Fulphila went through multiple clinical studies to earn its approval. In a key trial involving breast cancer patients receiving chemotherapy, Fulphila proved equivalent to Neulasta in reducing the duration of severe neutropenia. Additional studies in healthy volunteers confirmed that the two drugs behave the same way in the body, producing similar immune responses and similar patterns of antibody development. The practical takeaway: Fulphila works like Neulasta at a potentially lower cost.
How It’s Given
Fulphila is administered as a single injection under the skin (subcutaneous injection), typically in the upper arm, abdomen, or thigh. You receive one dose per chemotherapy cycle. The timing matters: it should not be given in the 14 days before chemotherapy or within 24 hours after chemotherapy, because stimulating white blood cell production too close to a chemo dose can make cells more vulnerable to the treatment’s effects.
The injection is usually given at your oncology clinic, though some patients learn to self-inject at home. If you store it yourself, keep it refrigerated between 36°F and 46°F. It can stay at room temperature for up to 72 hours, but anything beyond that or any syringe that has been frozen more than once should be discarded.
Common Side Effects
The most frequently reported side effect is bone pain, which occurs in roughly 31% of patients compared to 26% of those receiving a placebo. This makes sense given how the drug works: it’s pushing your bone marrow into overdrive to produce white blood cells, and that increased activity can cause aching in the bones, particularly in the hips, spine, and legs. Pain in the arms or legs is also more common, affecting about 9% of patients versus 4% on placebo.
For most people, bone pain is manageable with over-the-counter pain relievers and tends to ease within a few days of the injection. If the pain is severe or doesn’t improve, your care team can adjust your approach.
Serious but Rare Risks
Like the original Neulasta, Fulphila carries warnings about several uncommon but serious complications. Splenic rupture has been reported in rare cases, both in cancer patients and healthy donors receiving similar drugs. Symptoms to watch for include sudden pain in the left upper abdomen or left shoulder tip. Acute respiratory distress syndrome (a severe form of lung inflammation) is another rare risk, typically showing up as sudden shortness of breath or worsening breathing after starting treatment.

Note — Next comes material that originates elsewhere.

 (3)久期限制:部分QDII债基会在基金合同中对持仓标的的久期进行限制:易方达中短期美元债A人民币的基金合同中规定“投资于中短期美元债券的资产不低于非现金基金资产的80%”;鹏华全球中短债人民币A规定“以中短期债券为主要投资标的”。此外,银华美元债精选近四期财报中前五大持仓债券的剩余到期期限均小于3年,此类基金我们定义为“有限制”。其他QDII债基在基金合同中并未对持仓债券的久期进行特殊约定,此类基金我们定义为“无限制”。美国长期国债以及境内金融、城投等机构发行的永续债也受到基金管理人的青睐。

People with sickle cell disease face an additional concern, as drugs in this class have been associated with sickle cell crises. Allergic reactions, including serious ones, are also possible, particularly in people who have had prior reactions to pegfilgrastim products. Kidney inflammation (glomerulonephritis) has been reported as well, though this remains uncommon.

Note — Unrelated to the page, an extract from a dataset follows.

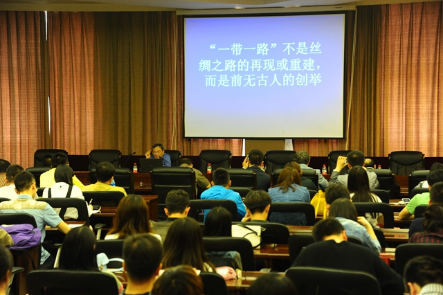 葛劍雄教授基于歷史地理背景視角,深入淺出地闡述了“一帶一路”戰(zhàn)略的歷史淵源、現(xiàn)實(shí)背景,并對(duì)未來發(fā)展提出了學(xué)者的思考,以大家學(xué)者的睿智思維與開闊的學(xué)術(shù)視野高屋建瓴又深入淺出地闡釋了“一帶一路”戰(zhàn)略的有關(guān)問題,語言生動(dòng)幽默,邏輯脈絡(luò)清晰,讓與會(huì)師生既獲得學(xué)理啟思,又近距離領(lǐng)略名家學(xué)者風(fēng)采,獲益良多。

Who Should Not Use Fulphila
Fulphila is not appropriate for everyone on chemotherapy. It is specifically not indicated for mobilizing stem cells for transplantation purposes. People with a history of serious allergic reactions to pegfilgrastim or any component of the formulation should avoid it. Your oncologist will determine whether Fulphila is right for your specific treatment plan based on the type of chemotherapy you’re receiving and your overall risk of developing febrile neutropenia.